Bob McDavitt's ideas for sailing weather around the South pacific

07 April 2013

BOBGRAM issued 7 April 2013



Issued 07 Apr 2013

Bob McDavitt's ideas for sailing around the South Pacific.

Disclaimer: Weather is a mix of pattern and chaos; these ideas are from the patterned world of weather maps, so please fine-tune to your place. Dates are in UTC unless otherwise stated.

The Atmosphere: The Southern Oscillation Index SOI (30 day running mean) is based on the difference in the barometer readings between Tahiti and Darwin. It sums up the weather pattern over the South Pacific as one number. SOI has been erratic this year and on 31 March it was plus 0.78.

The Ocean: Sea surface temperatures SST across the equatorial Pacific may be thought of as a thermostat for the planetary weather engine. The warmer the sea the quicker it evaporates, tossing water vapour into the air, and when this vapour rises then it cools into cloud. This region hosts the warmest sea on the planet so its abnormalities tend to influence changes in clouds around the equator and consequent changes in the latitude zones of weather across the whole Pacific.

Well, in the past month the SST in this target zone has been warming in the east and about neutral near the 180 line. There is possibly a trend towards El Nino (warm seas) starting in the ocean. This is at odds with what is happening in the atmosphere.

Madden Julian Oscillation MJO

The MJO is a cycle of enhanced tropical convection that occasionally moves from Indian Ocean across Australia into the Coral Sea, and it can trigger the formation of Tropical cyclones. In early March an MJO moved into the Coral Sea and helped trigger TC SANDY and TIM. This MJO has since faded away and the next cycle may not arrive until mid or late April—so Island- hopping in the South Pacific over next few weeks may be OK.

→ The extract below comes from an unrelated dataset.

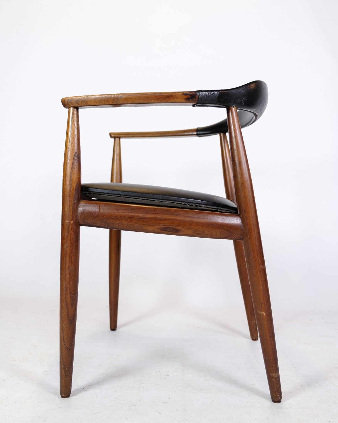 SolgtArmstol i teaktræ og sort kunstlæder, designet af Illum Wikkelsø for Niels Eilersen fra omkring 1960'erne.

Panama to Galapagos: The NE winds that were around Las Perlas last week have gone now, and winds this week south of the continental shelf at 7N are mainly light and from the SW. Not good for sailing. The International Convergence Zone ITCZ is weak and mainly located along 3 to 4N and one part of it is active at present near 4N 82W, so stay east and south of there.

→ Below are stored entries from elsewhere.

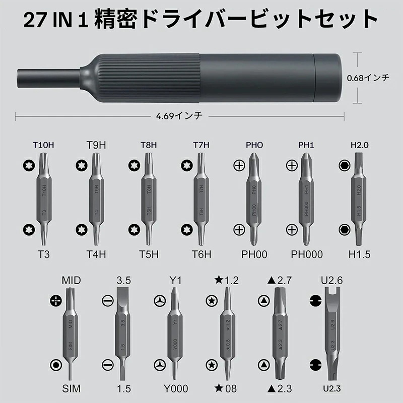 精密ドライバー セット 27in1 特殊ドライバー 特殊ドライバーセット iPhone DIY Nintendo Switch 家電修理 工具 プラス マイナス トルクス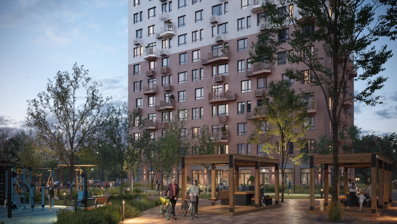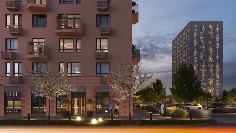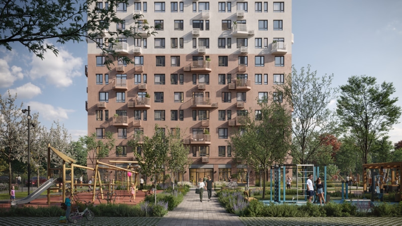 На придомовой территории появятся детская тематическая площадка с игровыми и развивающими объектами, воркаут-зона с тренажерами, лужайка для йоги, место для выгула собак и просторный прогулочный бульвар с кофейнями, скамейками и качелями.
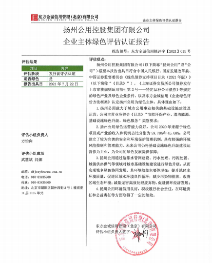 根據(jù)評(píng)估結(jié)果,東方金誠(chéng)確認(rèn)揚(yáng)州公用控股的綠色業(yè)務(wù)符合國(guó)家發(fā)展改革委等七部門發(fā)布的《綠色產(chǎn)業(yè)指導(dǎo)目錄(2019年版)》和人民銀行等三部門發(fā)布的《綠色債券支持項(xiàng)目目錄(2021年版)》要求,公司經(jīng)營(yíng)的環(huán)境表現(xiàn)、社會(huì)表現(xiàn)和公司治理的綜合綠色化程度較高。

Galapagos to Marquesas: There is still some remains of a convergence zone along 5South, with one area of convergence near5S 90W. The best sailing path at present is to head off to the SW to around 4S 95W and around there to latch into trade winds all the way to Marquesas.

South Pacific Convergence Zone SPCZ
The South Pacific Convergence Zone SPCZ has increased during the last week, and now is an amalgam of several convergence zones, with most of them being in the Coral Sea and one of them extending across Tuvalu to Southern Cooks and another from northern Vanuatu to Fiji/ northern Tonga. There are a few more CZ convergence zones in the Coral Sea and a tropical low is expected to form there off the north Queensland coast by Thu/Fri 11/12 April and then travel southeast out of the Coral Sea and across the Tasman Sea on Sun/Mon 14/15 April and central NZ on or around Tue 16 April. Avoid.

Sub-tropical Ridge STR
The Sub-tropical ridge-STR, the zone dividing the SE trade winds from the roaring 40s, is showing signs of drifting north, as is normal after the equinox. It is oscillating between 40/45S and 35S/40S. The high which is in the Aussie Bight tonight is expected to travel south of Tasmania and around the south coast of the South Island on Tue 9 April. This high is then expected to move NE across NZ on Wed to Fri 10/12 April and then off to the east/SE.

Roaring 40s and New Zealand
On Tuesday and Wednesday a S/SE wind change with a cold front is expected to move north over NZ. The next front is likely on Thurs/Fri/Sat 11/12/13 April preceded by a strong NW flow and followed by west/SW winds.